*Your instructions*: Print the listing below only from the line that has "Стальные фосфатированные саморезы" through the line that has "Tämä South Bend", exactly, and drop any picture.

*Available data*:
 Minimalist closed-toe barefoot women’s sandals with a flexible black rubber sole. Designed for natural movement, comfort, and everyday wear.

---

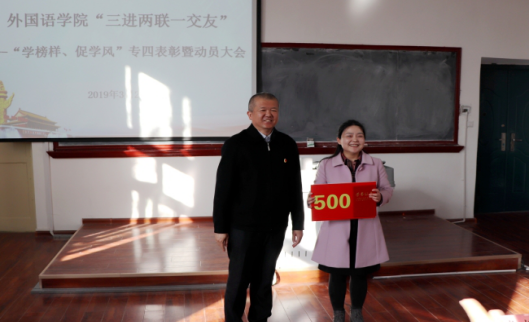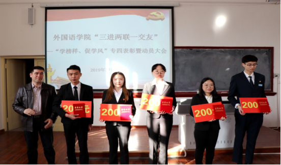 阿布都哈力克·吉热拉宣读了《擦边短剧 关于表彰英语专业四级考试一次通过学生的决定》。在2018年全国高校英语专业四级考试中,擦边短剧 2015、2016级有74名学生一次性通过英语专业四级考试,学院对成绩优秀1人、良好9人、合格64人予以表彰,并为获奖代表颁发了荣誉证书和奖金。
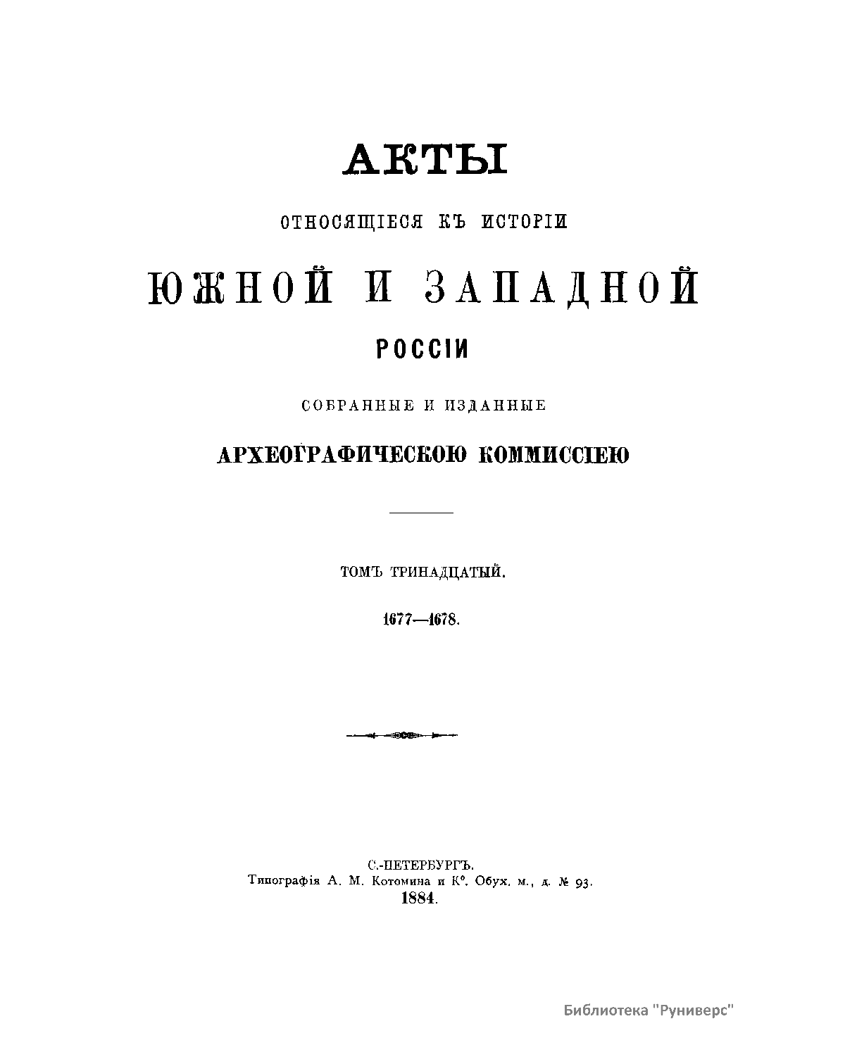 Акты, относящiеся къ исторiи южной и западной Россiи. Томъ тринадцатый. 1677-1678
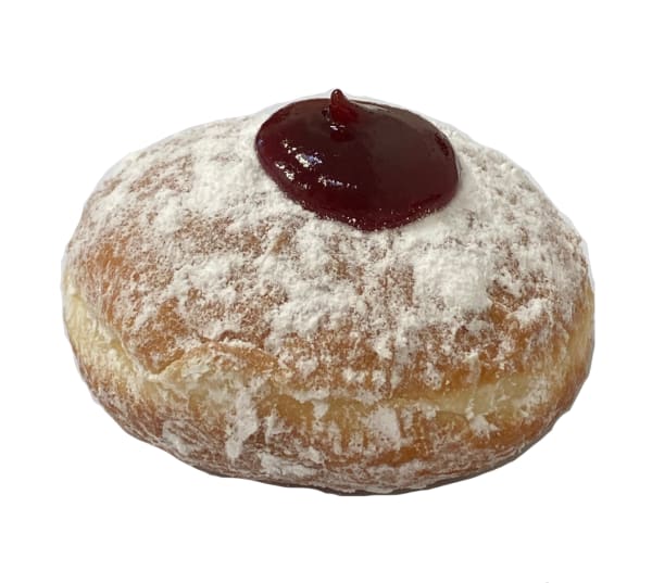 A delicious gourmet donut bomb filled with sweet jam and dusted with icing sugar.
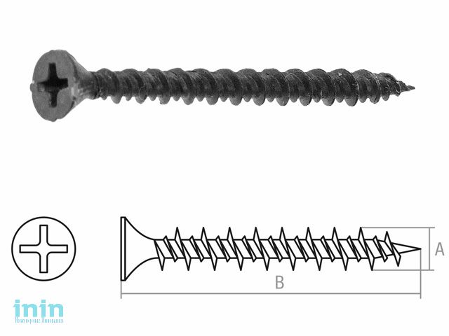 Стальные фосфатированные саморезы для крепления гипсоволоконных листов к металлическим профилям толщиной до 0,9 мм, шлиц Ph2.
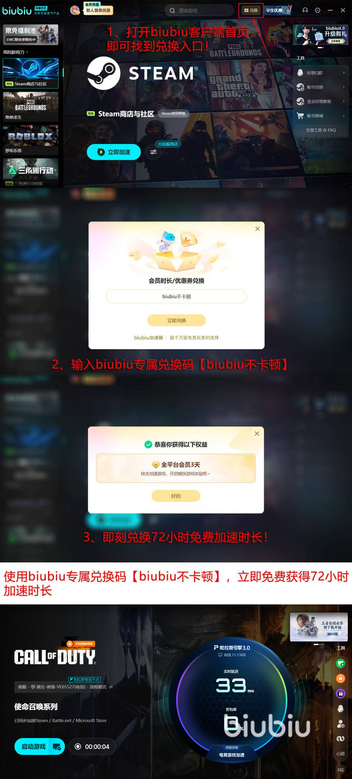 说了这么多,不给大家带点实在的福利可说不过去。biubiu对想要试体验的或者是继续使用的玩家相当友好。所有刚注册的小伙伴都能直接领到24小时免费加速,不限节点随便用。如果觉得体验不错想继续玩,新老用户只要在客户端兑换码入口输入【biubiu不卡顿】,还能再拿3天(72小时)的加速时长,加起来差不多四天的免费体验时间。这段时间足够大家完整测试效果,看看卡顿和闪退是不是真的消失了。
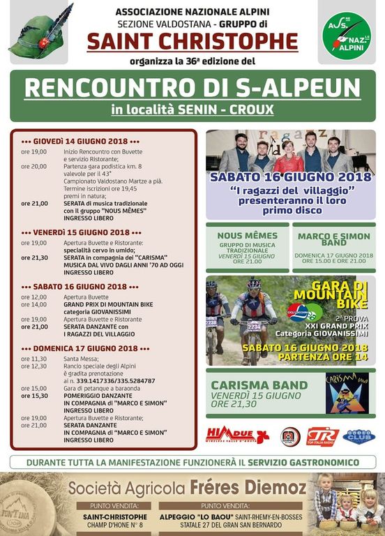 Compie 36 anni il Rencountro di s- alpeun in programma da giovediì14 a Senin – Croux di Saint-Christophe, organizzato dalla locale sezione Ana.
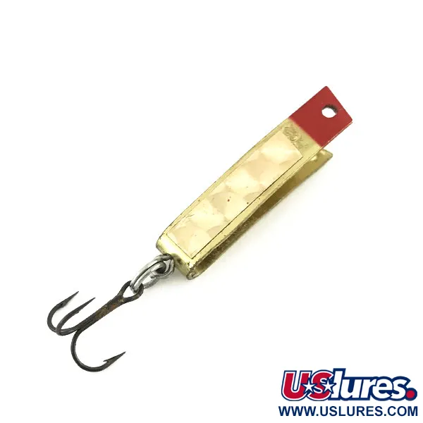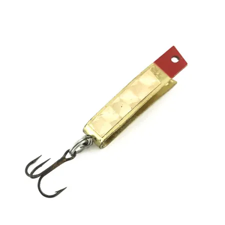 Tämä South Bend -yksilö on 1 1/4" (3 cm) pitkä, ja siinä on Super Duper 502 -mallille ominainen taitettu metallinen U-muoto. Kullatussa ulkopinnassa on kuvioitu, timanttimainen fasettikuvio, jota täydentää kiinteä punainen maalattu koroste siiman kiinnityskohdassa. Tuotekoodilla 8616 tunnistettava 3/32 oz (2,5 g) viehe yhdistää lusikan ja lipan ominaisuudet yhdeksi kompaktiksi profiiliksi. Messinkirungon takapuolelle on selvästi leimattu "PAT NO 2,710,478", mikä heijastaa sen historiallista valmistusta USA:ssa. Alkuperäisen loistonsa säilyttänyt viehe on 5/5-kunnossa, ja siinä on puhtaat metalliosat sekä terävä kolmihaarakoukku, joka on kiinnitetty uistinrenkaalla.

*Output of the task*:
 Стальные фосфатированные саморезы для крепления гипсоволоконных листов к металлическим профилям толщиной до 0,9 мм, шлиц Ph2.
 说了这么多,不给大家带点实在的福利可说不过去。biubiu对想要试体验的或者是继续使用的玩家相当友好。所有刚注册的小伙伴都能直接领到24小时免费加速,不限节点随便用。如果觉得体验不错想继续玩,新老用户只要在客户端兑换码入口输入【biubiu不卡顿】,还能再拿3天(72小时)的加速时长,加起来差不多四天的免费体验时间。这段时间足够大家完整测试效果,看看卡顿和闪退是不是真的消失了。
 Compie 36 anni il Rencountro di s- alpeun in programma da giovediì14 a Senin – Croux di Saint-Christophe, organizzato dalla locale sezione Ana.
 Tämä South Bend -yksilö on 1 1/4" (3 cm) pitkä, ja siinä on Super Duper 502 -mallille ominainen taitettu metallinen U-muoto. Kullatussa ulkopinnassa on kuvioitu, timanttimainen fasettikuvio, jota täydentää kiinteä punainen maalattu koroste siiman kiinnityskohdassa. Tuotekoodilla 8616 tunnistettava 3/32 oz (2,5 g) viehe yhdistää lusikan ja lipan ominaisuudet yhdeksi kompaktiksi profiiliksi. Messinkirungon takapuolelle on selvästi leimattu "PAT NO 2,710,478", mikä heijastaa sen historiallista valmistusta USA:ssa. Alkuperäisen loistonsa säilyttänyt viehe on 5/5-kunnossa, ja siinä on puhtaat metalliosat sekä terävä kolmihaarakoukku, joka on kiinnitetty uistinrenkaalla.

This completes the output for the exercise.